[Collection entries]
|---|

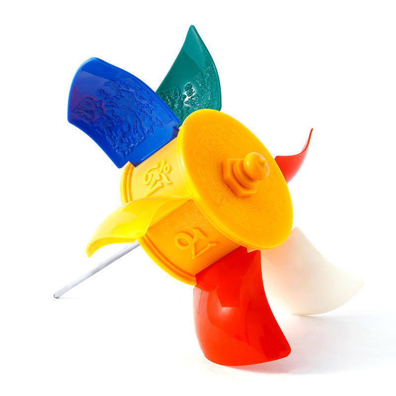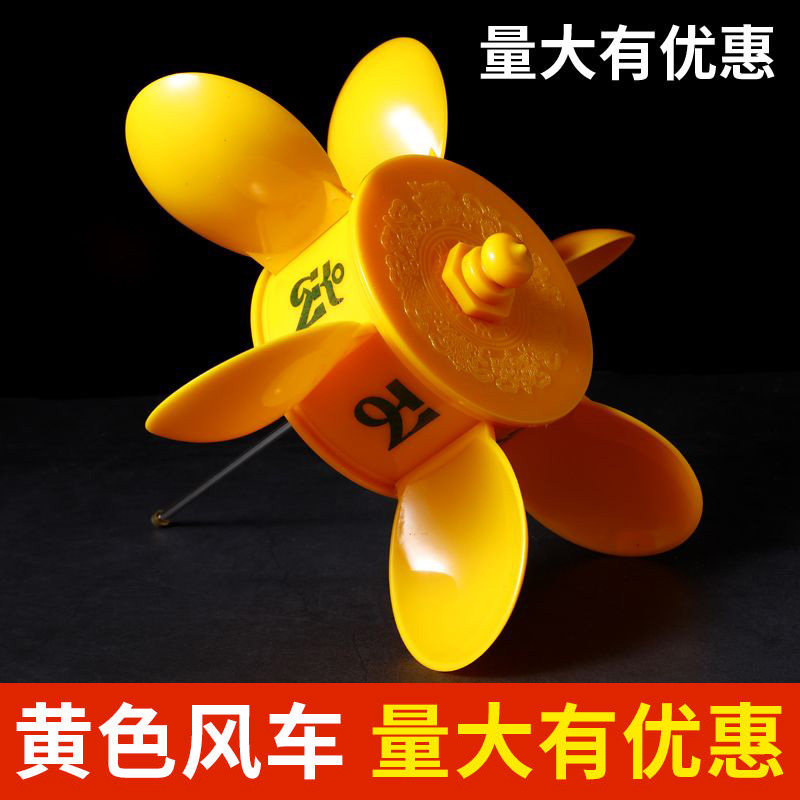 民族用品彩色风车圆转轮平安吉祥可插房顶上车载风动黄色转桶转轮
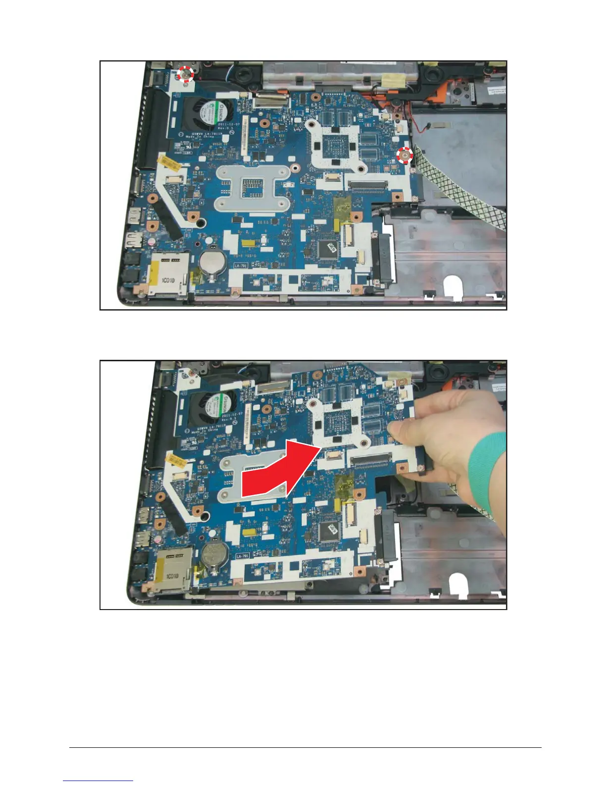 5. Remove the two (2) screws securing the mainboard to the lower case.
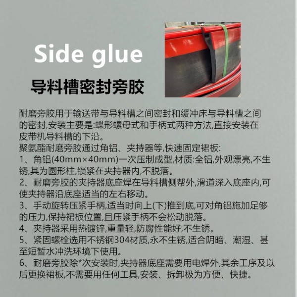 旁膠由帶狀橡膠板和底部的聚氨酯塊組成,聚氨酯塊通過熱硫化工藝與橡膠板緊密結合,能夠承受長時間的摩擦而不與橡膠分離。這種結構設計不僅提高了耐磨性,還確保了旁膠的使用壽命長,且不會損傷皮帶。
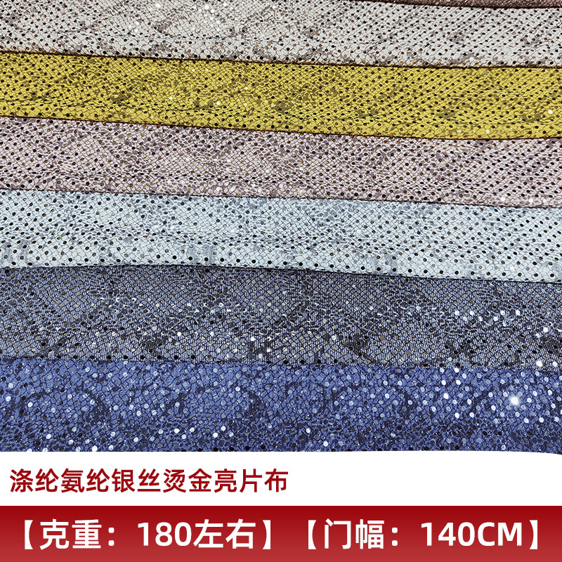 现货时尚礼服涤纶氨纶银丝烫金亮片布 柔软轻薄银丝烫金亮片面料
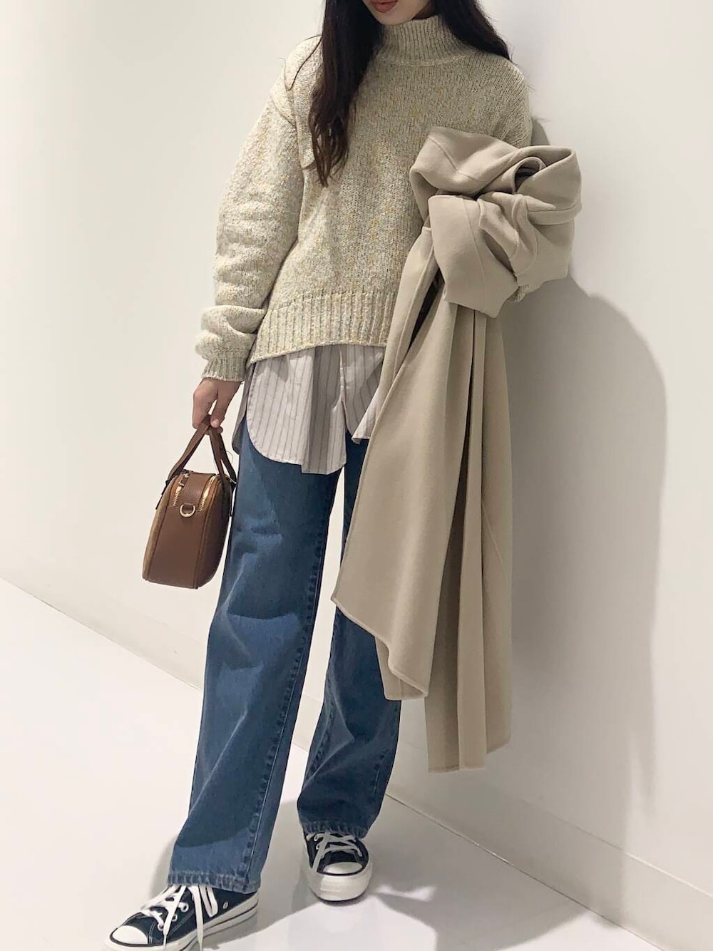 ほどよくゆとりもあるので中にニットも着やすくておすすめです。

|---|

Each record needs to be reproduced exactly, and no image should be carried over.

• _Task answer_
 民族用品彩色风车圆转轮平安吉祥可插房顶上车载风动黄色转桶转轮
 5. Remove the two (2) screws securing the mainboard to the lower case.
 旁膠由帶狀橡膠板和底部的聚氨酯塊組成,聚氨酯塊通過熱硫化工藝與橡膠板緊密結合,能夠承受長時間的摩擦而不與橡膠分離。這種結構設計不僅提高了耐磨性,還確保了旁膠的使用壽命長,且不會損傷皮帶。
 现货时尚礼服涤纶氨纶银丝烫金亮片布 柔软轻薄银丝烫金亮片面料
 ほどよくゆとりもあるので中にニットも着やすくておすすめです。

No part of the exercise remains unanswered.